Top of AVAILABLE DATA

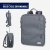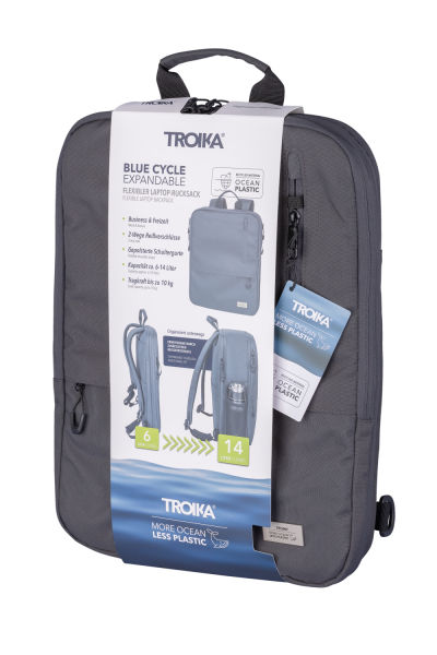 Laptop-Rucksack aus recyceltem Meeresplastik, erweiterbar durch zusätzlichen Reißverschluss, mit 2 großen Fächern (gepolstertes Laptopfach und Hauptfach) mit 2-Wege Reißverschluss, für Laptop (bis zu 16''), mehrere Innentaschen, 2 Frontfächer + expandiert 2 Netztaschen für Flasche und Schirm, verstärkter Standboden, Schlaufe zur Befestigung am Trolley, Tragegriff, versteckte Rucksackgurte, Kapazität von ca. 6 Liter auf ca. 14 Liter erweiterbar, 100% rPET, recyceltes Meeresplastik, dunkelgrau
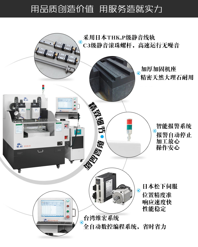 引進(jìn)臺(tái)灣先進(jìn)的生產(chǎn)工藝,為您提供最精密最穩(wěn)定的火花機(jī)、玻璃精雕機(jī)的同時(shí)讓您生產(chǎn)出更具市場(chǎng)競(jìng)爭(zhēng)力的產(chǎn)品!
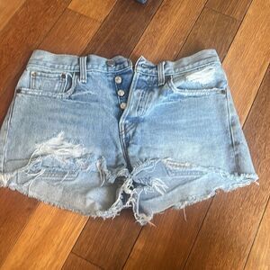 Light wash button fly cut offs distressed. Already broken-in and made better by time.
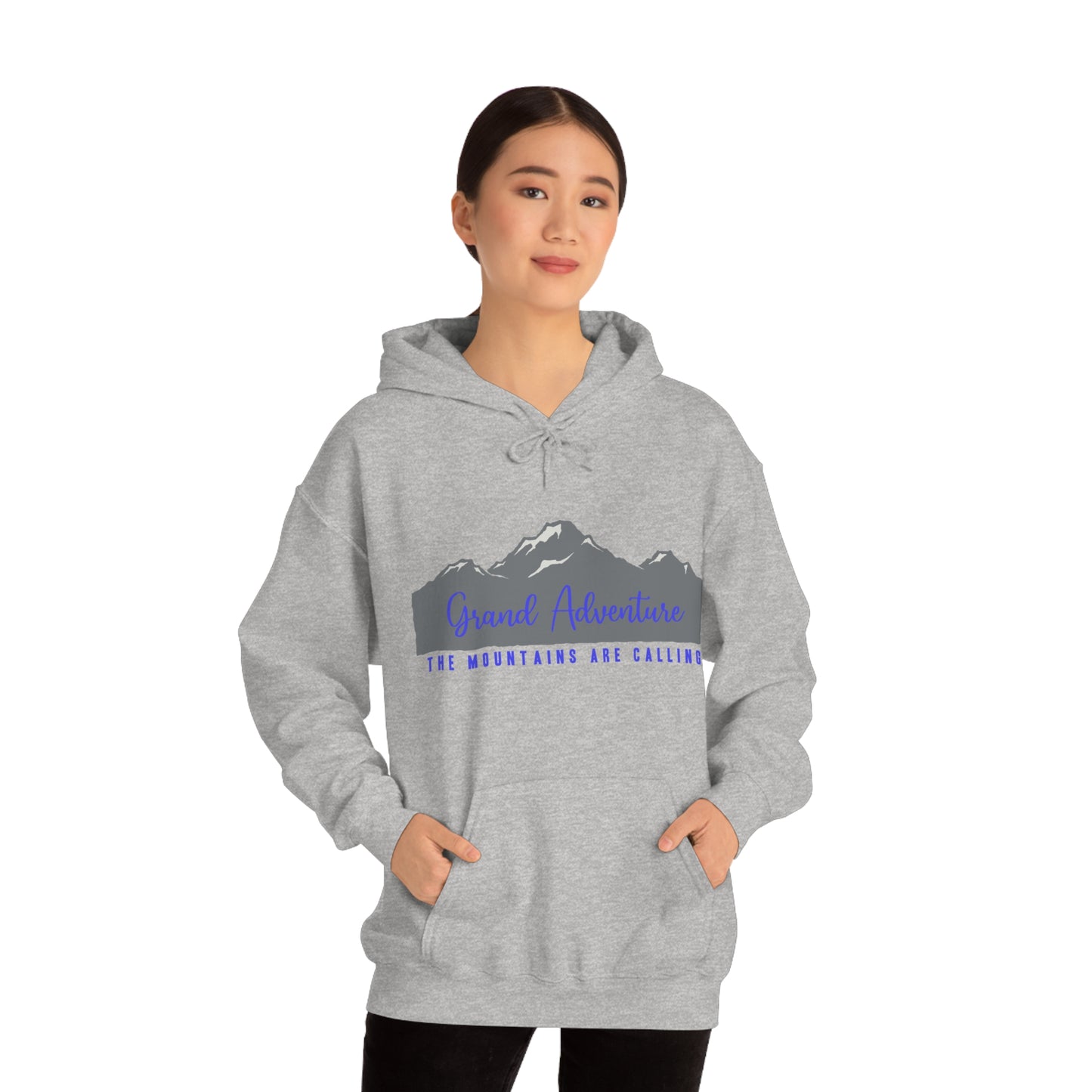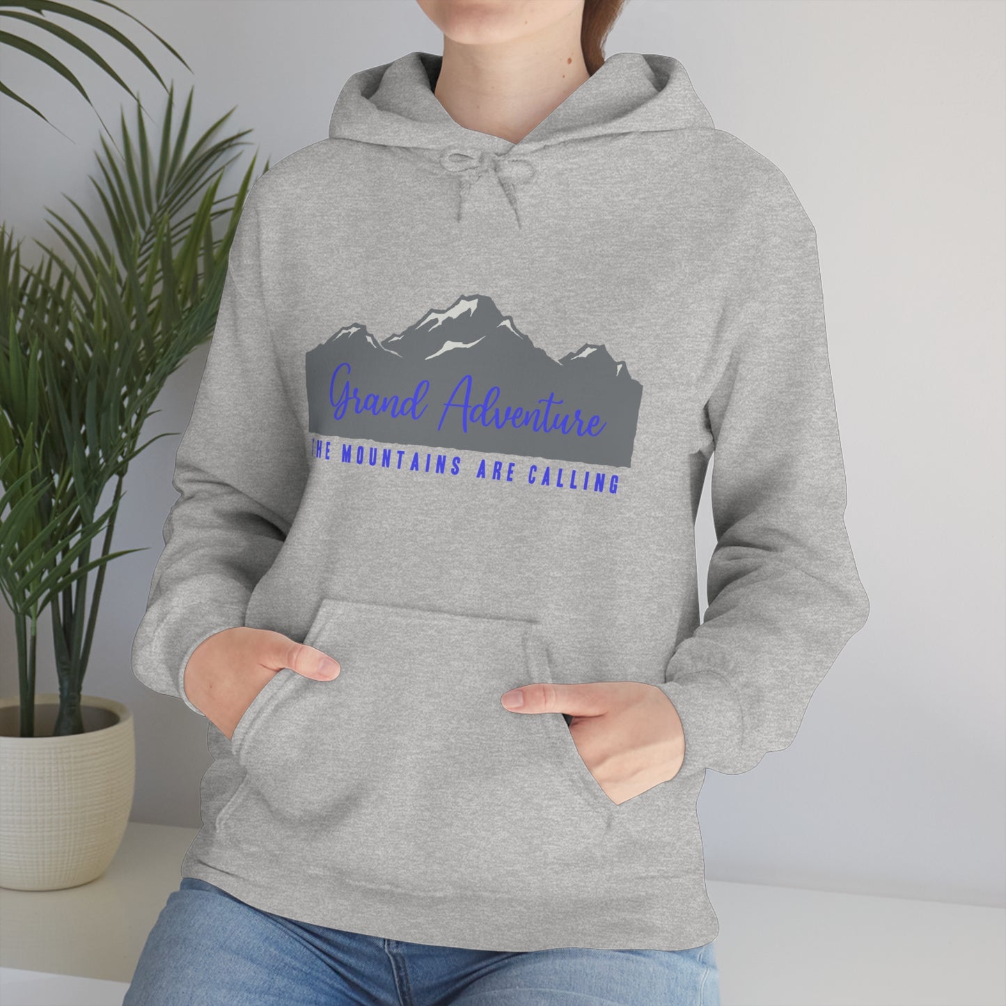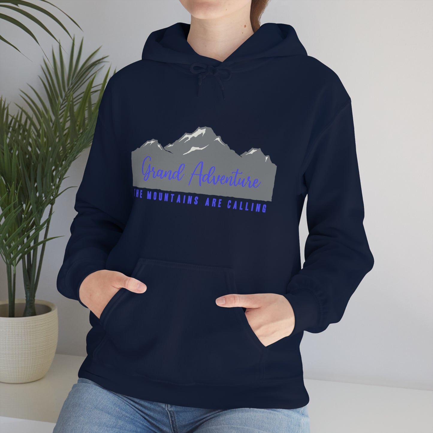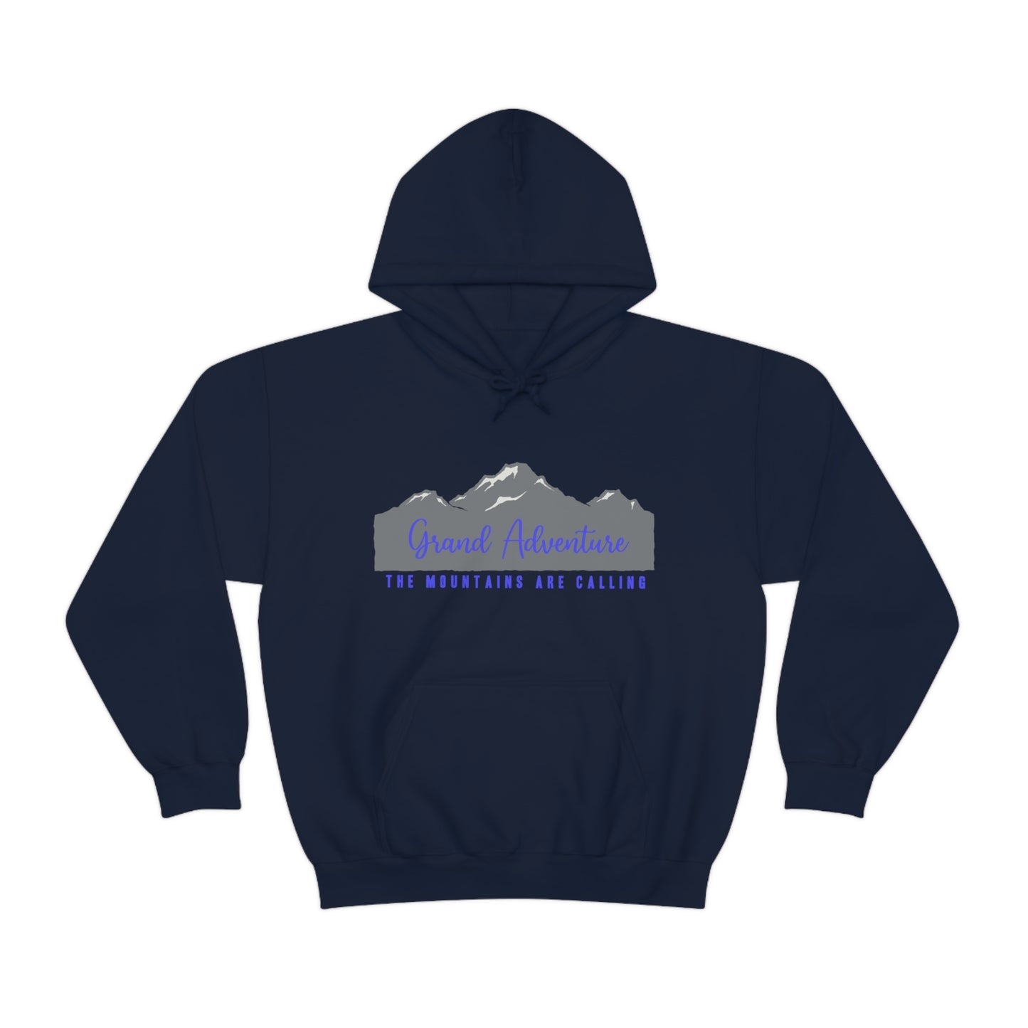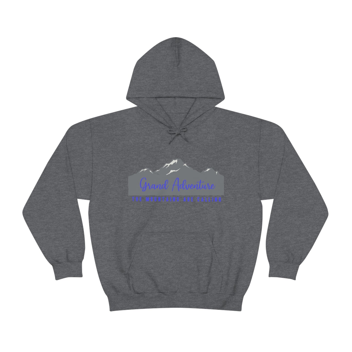 This unisex heavy blend hooded sweatshirt is relaxation itself. Made with a thick blend of cotton and polyester, it feels plush, soft and warm, a perfect choice for any cold day. In the front, the spacious kangaroo pocket adds daily practicality while the hood's drawstring is the same color as the base sweater for extra style points. Chill Stitch – Grand Adventure Mountains - Unisex Hooded Hoodie Sweatshirt – Embrace Your Vibe

Bottom of AVAILABLE DATA

**EXERCISE OBJECTIVE:** Print, exactly and only, the lines running from the line with "引進(jìn)臺(tái)灣" through the last line of the data, including both. Skip any picture.

**OUTPUT:**
 引進(jìn)臺(tái)灣先進(jìn)的生產(chǎn)工藝,為您提供最精密最穩(wěn)定的火花機(jī)、玻璃精雕機(jī)的同時(shí)讓您生產(chǎn)出更具市場(chǎng)競(jìng)爭(zhēng)力的產(chǎn)品!
 Light wash button fly cut offs distressed. Already broken-in and made better by time.
 This unisex heavy blend hooded sweatshirt is relaxation itself. Made with a thick blend of cotton and polyester, it feels plush, soft and warm, a perfect choice for any cold day. In the front, the spacious kangaroo pocket adds daily practicality while the hood's drawstring is the same color as the base sweater for extra style points. Chill Stitch – Grand Adventure Mountains - Unisex Hooded Hoodie Sweatshirt – Embrace Your Vibe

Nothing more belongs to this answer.